WHAT IS BEING ASKED: What is needed is the exact text of each line in the listing below from the one with "Political cartoons of" up to and including the one with "Bej midi uzunlukta", and no pictures.

RAW DATA START

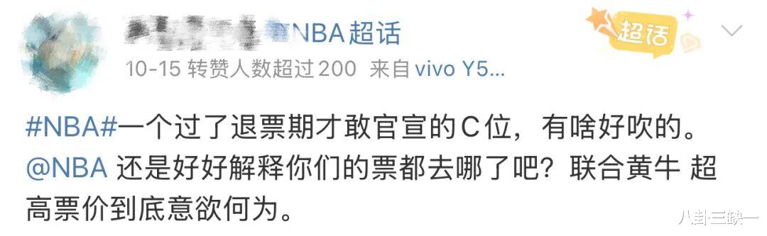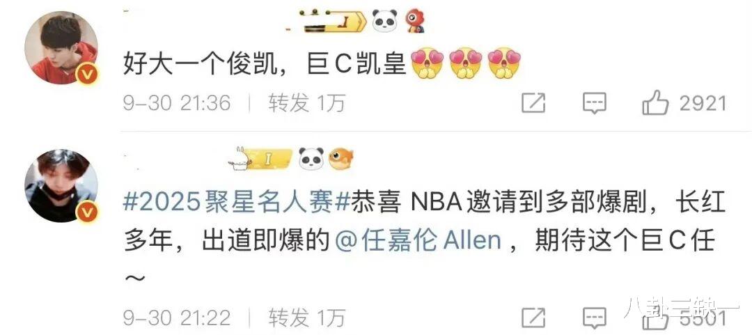 那就不得不提NBA官博发布的官宣海报了,说这是所有风波的“导火索”毫不夸张,两家粉丝间的火药味,就是从这条微博的转发区冒头的。你高呼“巨C任”,我立马回敬“巨C凯皇”,针尖对麦芒,谁也不肯退让。
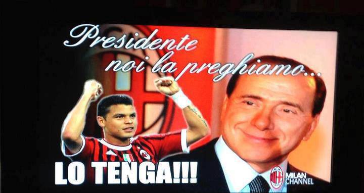 CALCIOMERCATO MILAN THIAGO SILVA PARIS SAINT GERMAIN BERLUSCONI MILAN CHANNEL – La trattativa per il passaggio di Thiago Silva al Paris Saint Germain sta via via arrivando a conclusione ma i tifosi del Milan non si rassegnano a vedere un minimo spiraglio di rottura nelle trattativa e di mantenere il calciatore in maglia rossonera. Anche il canale tematico Milan Channel ha trovato il modo di esprimere il suo parere attraverso un immagine mandata tra i programmi del canale rossonero. Un immagine formata da una foto di Thiago Silva e una del numero uno rossonero Silvio Berlusconi con una scritta che recita: Berlusconi noi lo preghiamo… Lo Tenga!!!!
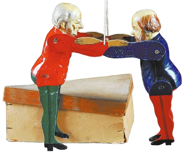 Political cartoons of the time often showed the two men fighting. There were even toys that pictured the men wrestling. Several versions of the toy have been sold through the years. In 2013, Jackson’s Auctions sold a pair of 8½-inch-high Gladstone and Disraeli figures in their original box for $180.
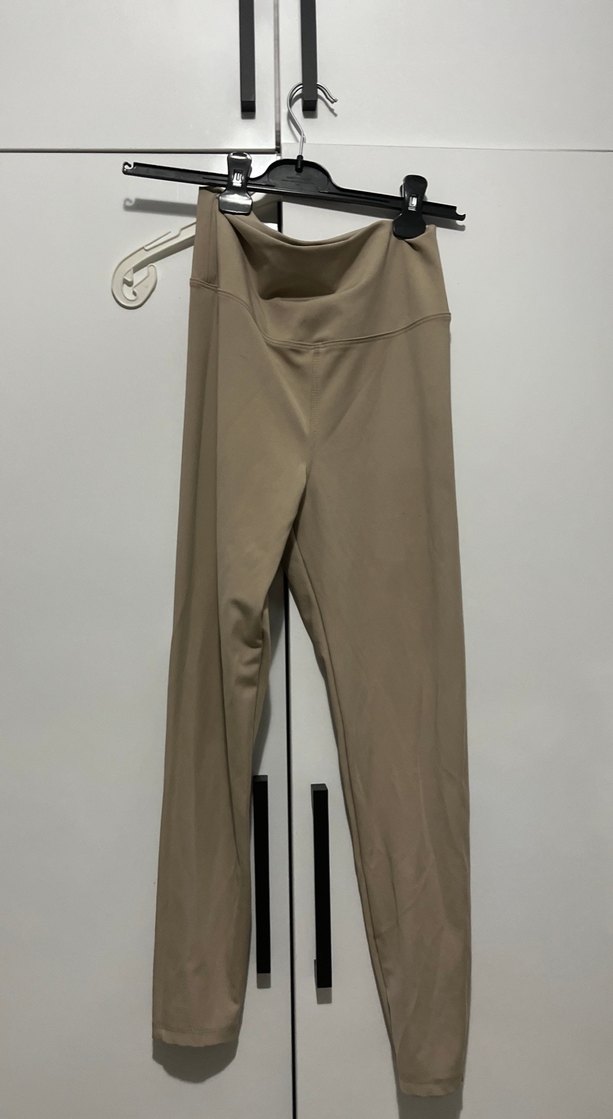 Bej midi uzunlukta kadın tayt, yumuşak sentetik kumaştan, rahat kesimli, gündelik ve ofis kullanımı için uygun. Şık ve rahat stil sunar l bedene de uyar
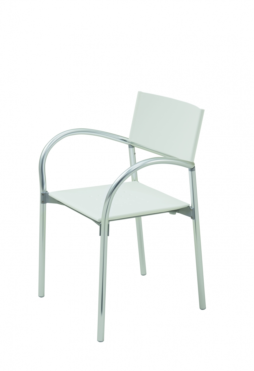 Award winning stacking chair with the simplicity of form and function essential for any environment. Aluminum, anodized or powder coated; seat and back in recyclable polypropylene. The chair and stool are perfect for indoor or outdoor.

RAW DATA END

WRITTEN RESPONSE:
 Political cartoons of the time often showed the two men fighting. There were even toys that pictured the men wrestling. Several versions of the toy have been sold through the years. In 2013, Jackson’s Auctions sold a pair of 8½-inch-high Gladstone and Disraeli figures in their original box for $180.
 Bej midi uzunlukta kadın tayt, yumuşak sentetik kumaştan, rahat kesimli, gündelik ve ofis kullanımı için uygun. Şık ve rahat stil sunar l bedene de uyar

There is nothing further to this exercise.